"Therefore, since we are surrounded by such a great cloud of witnesses, let us throw off everything that hinders and the sin that so easily entangles, and let us run with perserverance the race marked out for us. Let us fix our eyes on Jesus, the author and perfector of our faith, who for the joy set before him endured the cross, scorning its shame, and sat down at the right hand of the throne of God. Consider him who endured such opposition from sinful men, so that you will not grow weary and lose heart." Hebrews 12.1-3

in the fall, we were two miserable students sitting in anthropology class attempting to occupy the lecture time with anything but what the professor wanted to say so, we began reading a blog. it's the story of libby ryder and her battle against cancer. since september, God has used libby's story to awaken in us a realization of the story he has written for our own lives. libby has shown us what it means to set our eyes on Jesus and run, with reckless abandonment, into the arms of the Father. libby's friend angie has decided to run a half marathon in celebration of the end of libby's chemo and, lord willing, her cancer. following libby's example, we are joining in the celebration. we. are. not. runners. we are scared. we are full of doubts. but, we are inspired. the past year has been full of triumphs and tribulations for us, too. this is a physical representation of us throwing off everything that has hindered and entangled- pain, heartache, doubt, shame- and running to Jesus and basking in his grace. this run is for libby. this run if for freedom. our only hope is that He will be glorified.

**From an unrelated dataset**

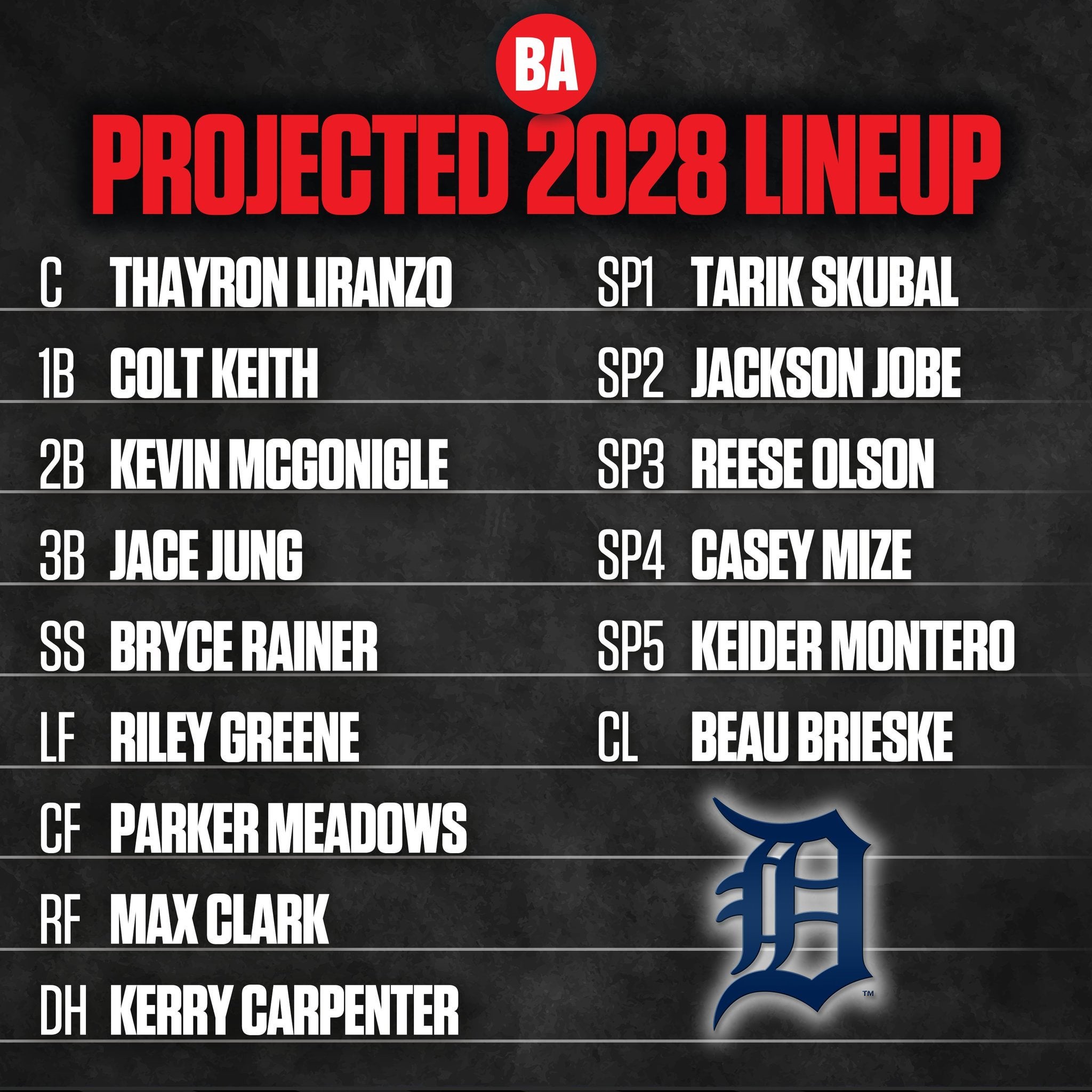 Baseball America’s projected 2028 Detroit Tigers lineup!🔥🔥🔥🔥🔥🔥🔥🔥

"Let us hear joy and gladness; let the bones you have broken rejoice!" Psalm 51.8

Sunday, February 6, 2011

we did it.

three miles. we did it. im going to be honest. after that, i cannot fathom thirteen miles, i just cant. but i am trying to not think about that right now.

today i discovered how mental this whole running thing is. while i was on mile three feeling like i was going to "die", i realized i really wasn't. it wasn't even that my legs were tired, it was my breathing and my mind that was telling me to stop.  so that needs to change big time (especially the mind part) or else this is going to be miserable. my mind needs to be retrained and OVERflowing with scripture.  so that is my goal for this week.

church this morning was so good. jd used king's david story to talk about the consequences of sin and even though our sins are forever washed away, there are still painful consequences. it hit hard and during the last worship songs i sat and cried. cried hard. but in thankfulness. thankfulness that my sin is not my last word and that i have a new identity in christ. thankfulness that even though i have been broken, i have been restored. restored with value that wouldn't have existed if i had never been broken in the first place. 

thankful and exhausted
-han

ps- so glad you ran with us today laney, love you so much and am so glad we are all in this together. OH and julia, you kicked butt today. so thankful for you and how you daily push me to jesus.